### YOUR INSTRUCTIONS
Go to the line holding "Veganer Paprikatopf mit" in the entries below and write out exactly every line down to and including the line holding "Khay chứa nước".

### SOURCE MATERIAL
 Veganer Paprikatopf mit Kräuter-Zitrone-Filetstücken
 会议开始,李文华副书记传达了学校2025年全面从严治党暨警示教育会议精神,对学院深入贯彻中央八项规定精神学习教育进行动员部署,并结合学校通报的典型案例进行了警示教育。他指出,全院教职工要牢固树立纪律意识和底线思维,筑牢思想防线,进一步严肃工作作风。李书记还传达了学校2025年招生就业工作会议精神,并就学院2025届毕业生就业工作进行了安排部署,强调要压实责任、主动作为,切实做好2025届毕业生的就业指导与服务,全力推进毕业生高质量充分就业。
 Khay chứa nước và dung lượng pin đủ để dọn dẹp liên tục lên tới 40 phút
--
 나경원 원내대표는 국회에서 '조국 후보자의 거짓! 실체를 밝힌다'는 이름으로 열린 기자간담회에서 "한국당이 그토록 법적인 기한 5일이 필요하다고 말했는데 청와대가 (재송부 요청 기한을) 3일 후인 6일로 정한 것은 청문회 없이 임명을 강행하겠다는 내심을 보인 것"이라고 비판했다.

### RESULT
 Veganer Paprikatopf mit Kräuter-Zitrone-Filetstücken
 会议开始,李文华副书记传达了学校2025年全面从严治党暨警示教育会议精神,对学院深入贯彻中央八项规定精神学习教育进行动员部署,并结合学校通报的典型案例进行了警示教育。他指出,全院教职工要牢固树立纪律意识和底线思维,筑牢思想防线,进一步严肃工作作风。李书记还传达了学校2025年招生就业工作会议精神,并就学院2025届毕业生就业工作进行了安排部署,强调要压实责任、主动作为,切实做好2025届毕业生的就业指导与服务,全力推进毕业生高质量充分就业。
 Khay chứa nước và dung lượng pin đủ để dọn dẹp liên tục lên tới 40 phút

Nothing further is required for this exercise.